There is a distinct possibility that I wouldn't be able to handle an authentic foreign experience without running for the hills. I haven't experienced the sense of pure untainted wonderment I keep imagining when I truly experience something outside the box and I'm pretty sure this is because of fear; fear of being embarrassed, or uncomfortable, or open to risks.
Maybe in another time my experiences would have been more real to me, that the essence of what I was seeing wouldn't have been corrupted by modernity and capitalistic tourism, or if it was I would still be able to immerse myself in the significance of the experience...because things were simple way back when, right?

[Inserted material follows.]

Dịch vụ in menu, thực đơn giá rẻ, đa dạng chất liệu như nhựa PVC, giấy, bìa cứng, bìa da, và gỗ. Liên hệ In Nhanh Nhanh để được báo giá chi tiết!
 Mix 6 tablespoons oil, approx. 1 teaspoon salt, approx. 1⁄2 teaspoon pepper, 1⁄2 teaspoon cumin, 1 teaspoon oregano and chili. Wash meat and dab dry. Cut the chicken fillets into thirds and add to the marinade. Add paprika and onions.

While I absolutely appreciate that I am one lucky asshole to have even had the opportunity to go on these amazing excursions, I keep waiting for the epiphany. And while it remains illusive, I keep searching for more and more authentic travel experiences.
The next of these will be starting in January 2010. My friend TJ has a plan...it's a Van Plan, capital V capital P. She is the proud owner of the coolest of cool retro camper vans on earth and will be living in it for the next two years or so traveling around North America: the Van Plan. I will be joining her in January 2010 for as long as I can afford it and our vague plan consists of me meeting TJ in San Fran and heading for New Orleans. California, Arizona, New Mexico, Texas, Louisiana.
I never thought I'd be even remotely interested in traveling in the United States, especially after all the security hooplah that has been enforced excessively since 9/11 (sorry peeps, but it's true, loosen your grip a bit eh?), yet I find myself giddy at the prospect of going to Texas. The land of the ten-gallon hat, and so many guns I can't even think about it. Excitement! WTF!!
Maybe this will be my authentic experience. I think it helps that TJ is an authentic experience in her own right so it can really only go up as soon as we're united in Van Plan-ness. I am prepared for awesome.